Okay Jay, I agree some things are certain and no matter what I do, they are going to proceed as was ordained long before my tiny mind flickered into life and my small effects will not be big enough, certainly in my own lifetime, though I can't say that's the case given long enough with those following continuing the processes which I might initiate and which I have followed which were initiated by those before me.
For example, the galaxy will continue on its orbit, with the perturbations precipitated by me being as minuscule as me spitting in the ocean. Hmmm. Probably a lot smaller than that. The galaxy is quite large. Even if I do have a large effect, by contriving to persuade people that all nuclear weapons should be used to deflect Earth a little off course, said perturbation would not be even detectable on the other side of the galaxy until some 100,000 years from now, give or take whatever it is. They would need a microscope to detect the perturbation even then.

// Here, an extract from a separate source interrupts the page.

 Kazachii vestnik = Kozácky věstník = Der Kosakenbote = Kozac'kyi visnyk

The galaxy won't be spinning in reverse any time soon as a result of my efforts. So yes, I agree that baying for the Moon is out of my realm.
But closer to home and in the realm of Earth, perturbations I might make might be quite significant. Because of the butterfly effect, and the chaos nature of non-linear functions, it's impossible to know whether one had an effect or not.

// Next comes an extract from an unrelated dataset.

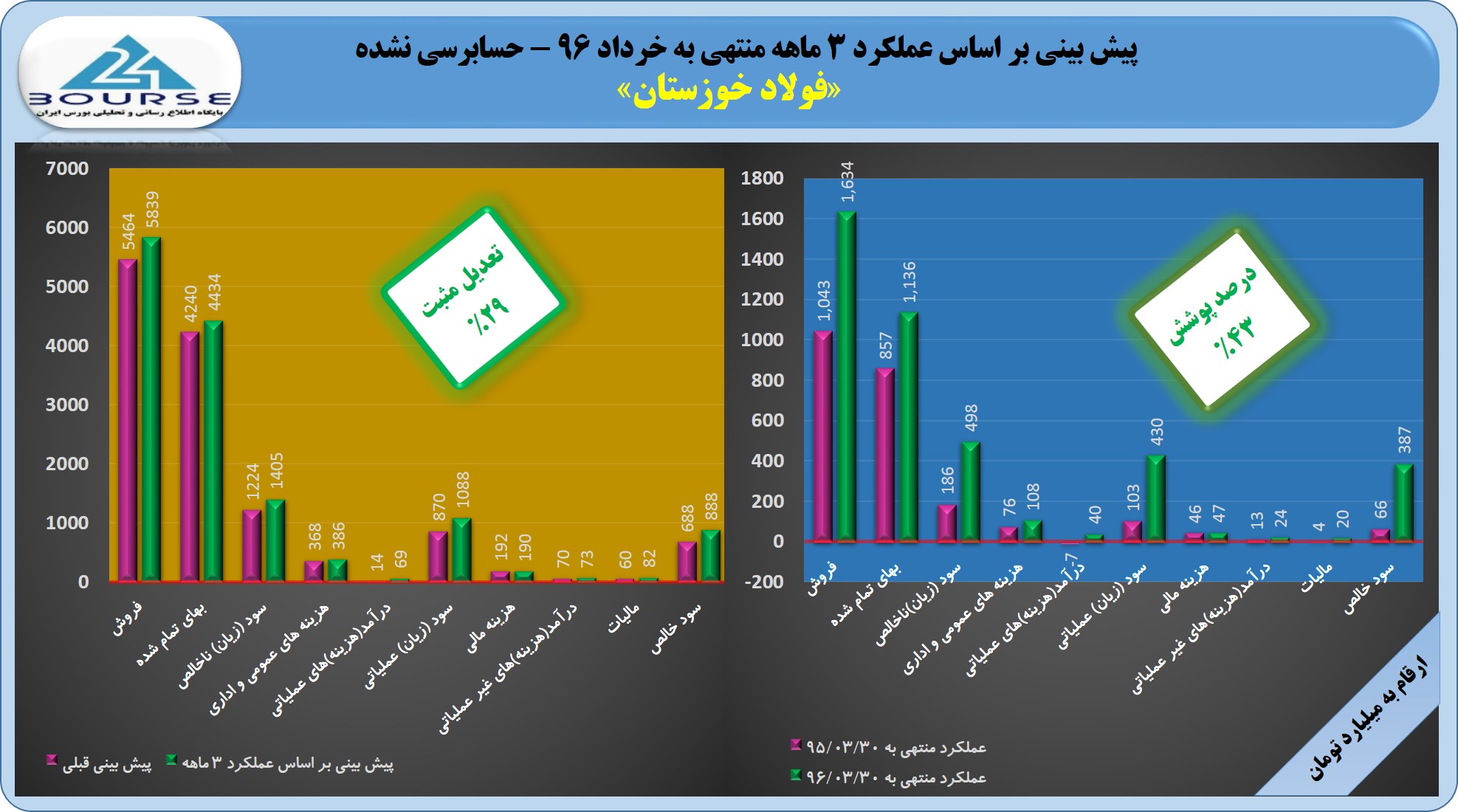 به گزارش کدال نگر بورس ٢۴ شرکت فولاد خوزستان (فخوز) در پیش بینی بر اساس عملکرد ٣ ماهه منتهی به خرداد ماه با ٢٩ درصد تعدیل مثبت نسبت به پیش بینی قبل از آن برای هر سهم ۶١۴ ریال سود پیش بینی کرد. علت اصلی این تعدیل مثبت افزایش ٣٧۴٣ میلیارد ریالی فروش و رشد ۵۴٩ میلیارد ریالی سایر هزینه های عملیاتی می باشد. گفتنی است در مدت ٣ ماهه فخوز برای هر سهم ٢۶٧ ریال سود شناسایی نمود که معادل ۴٣درصد سود پیش بینی شده می باشد.

I'm used to having significant effects, having decided that something is a good thing to do and that effects will probably or might happen. If the cost is low and the non-linearity large, it's not at all difficult to have a catalytic effect, precipitating timely changes.
Of course I can't track the details or the trains of thought involved, but in 1983, a friend and I were sitting on the grass outside a hall where he and I played badminton at lunchtime. He was bemoaning Prime Minister Muldoon's clawback tax on kiwi-fruit investments. I suggested to him that rather than moan and argue inside the National Party, getting nowhere, he should start a new political party, calling it, say, The New Zealand Party, to split his vote and cause him to lose the election.
He went to see his lawyer buddy Bill Taylor. Bill Taylor knew Bob Jones [a well-known person in NZ with a popular following]. Bob, Bill and a few others started, yes indeed, "The New Zealand Party". Which got some 12% of the vote and Muldoon was out and Labour was in. fact-index.com
Labour adopted the nuclear free zone and a lot more besides, setting off the 1980s deregulatory and privatisation processes. Lange debated at Oxford Union and anti-nuclear activity built up a lot. Whether those ripples permeated Gorby's and Raygun's discussions I have no idea.
In 1995 I joined Act New Zealand, which was in some respects a continuation of the 'Bob Jones Party' as Muldoon disparagingly called it, which had become defunct, having served its purpose.
In 1996, in the Epsom seat, we [the little band of enthusiasts] got 23% of the vote for Act, and the national average was about 6%, which got a bunch of Act members into parliament and they have had an effect, more or less.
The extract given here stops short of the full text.